A mountain ultra isn't just a longer road race. The clock is dominated by climbing, descending and terrain — not by your flat 5K pace. If you train it like a road marathon, the mountain will find you out. Here's what actually moves the needle, and how a data-driven plan keeps it honest.
On steep ground, elevation gain often costs you more than distance. Two 30 km runs with 500 m and 2,000 m of climbing are completely different sessions. So plan and track your week in two dimensions: distance and vertical (D+). Building the legs and lungs to climb — and, just as importantly, to descend — is the work that decides your race.
Because Rurilab reads GPS and the elevation profile of every run, your climbing load is visible, not guessed. That lets your weekly vert build as deliberately as your mileage.
At altitude and on technical trails you move slowly, and a long day can mean many hours upright. Time on feet — total duration — is frequently a better guide to the training stress of a mountain run than distance. A five-hour hike-run with big climbing is a serious session even if the kilometre count looks modest.
Long back-to-back weekends (a big day followed by another on tired legs) are a classic ultra tool: they rehearse racing on fatigue without the injury risk of one impossibly long run.
Descending fast is trainable, but the eccentric muscle damage from long descents is real and slow to recover. Neglect downhills in training and your quads will fail before your heart or lungs do on race day. Deliberately practise descending, and respect that a descent-heavy session needs recovery like any hard workout.

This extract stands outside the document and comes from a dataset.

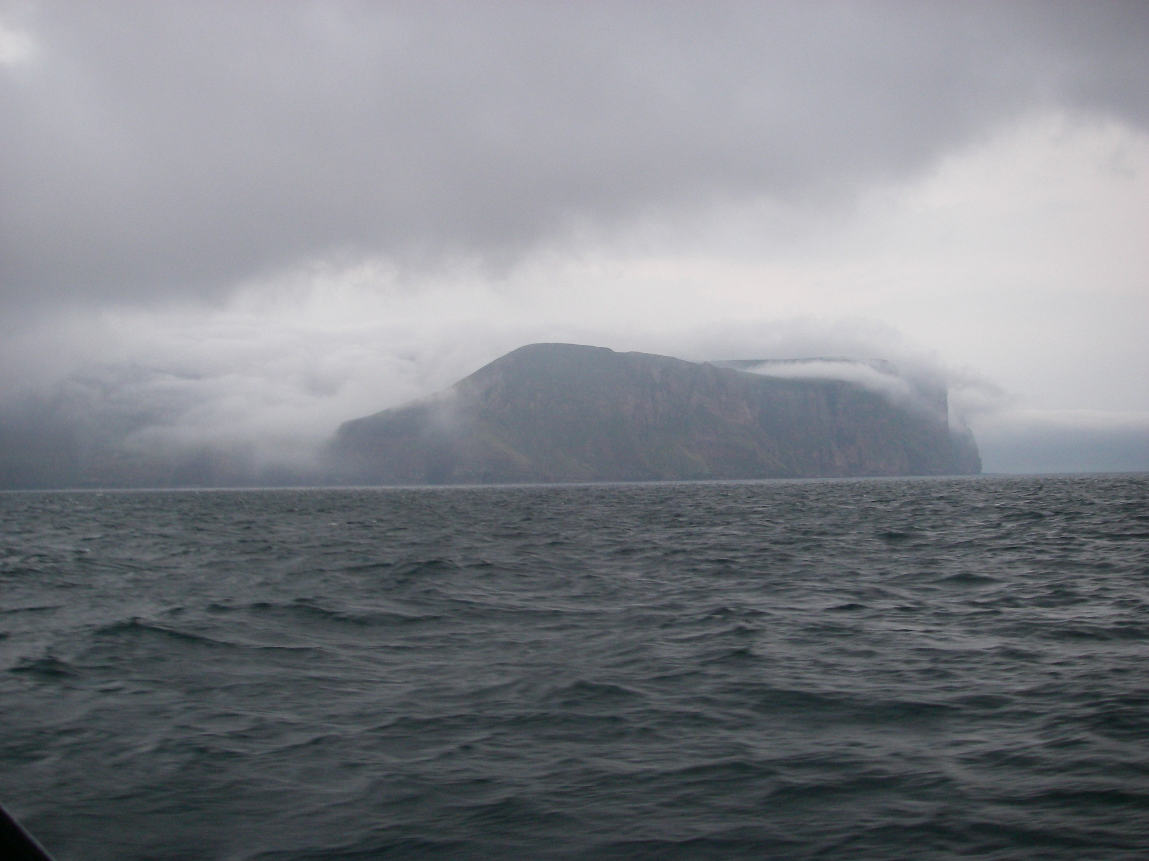 When the fog suddenly cleared, we found a bright day with a gentle  westerly breeze, with the seas still low. We motored back out of Stromness the way we had come, and then up the west coast of the Orkney Mainland in a splendid and increasingly fast sail, heading for the island of Westray.

Your flat goal pace is meaningless going up a 20% grade. In the mountains, steer by effort and heart rate (and, for many, by when to power-hike versus run). Even the strongest mountain runners hike the steep pitches — walking efficiently uphill is a skill worth training, not a failure.

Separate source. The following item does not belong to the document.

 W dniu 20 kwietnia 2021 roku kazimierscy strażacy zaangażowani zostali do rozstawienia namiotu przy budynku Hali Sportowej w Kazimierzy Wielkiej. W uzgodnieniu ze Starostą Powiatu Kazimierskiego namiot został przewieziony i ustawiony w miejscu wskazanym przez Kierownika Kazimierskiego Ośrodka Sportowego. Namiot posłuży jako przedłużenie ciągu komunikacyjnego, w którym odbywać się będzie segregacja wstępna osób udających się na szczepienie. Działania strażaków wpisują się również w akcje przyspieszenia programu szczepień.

Rurilab's paces come from your fitness (VDOT) for the runnable stuff, but its daily read leans on heart rate, load and recovery — the signals that still make sense when the terrain throws pace out the window.

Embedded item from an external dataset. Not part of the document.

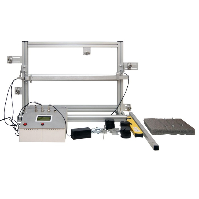 На раме закреплена система датчиков позволяющая определять реакции опор: вертикальную и горизонтальную реакции в одной опоре и вертикальную реакцию в другой опоре.

Big vert and long descents generate load that a mileage number alone hides. Tracking training load (CTL/ATL/TSB) alongside resting heart rate, HRV and sleep keeps you from stacking huge mountain days on top of unrecovered legs — the fast route to injury or a hollowed-out race. When life or fatigue intervenes, an adaptive plan rebalances the coming weeks instead of pretending the mountains didn't happen.
None of it is exotic — it's endurance fundamentals, pointed at vertical terrain and long hours, and adjusted to how your body is actually absorbing the work.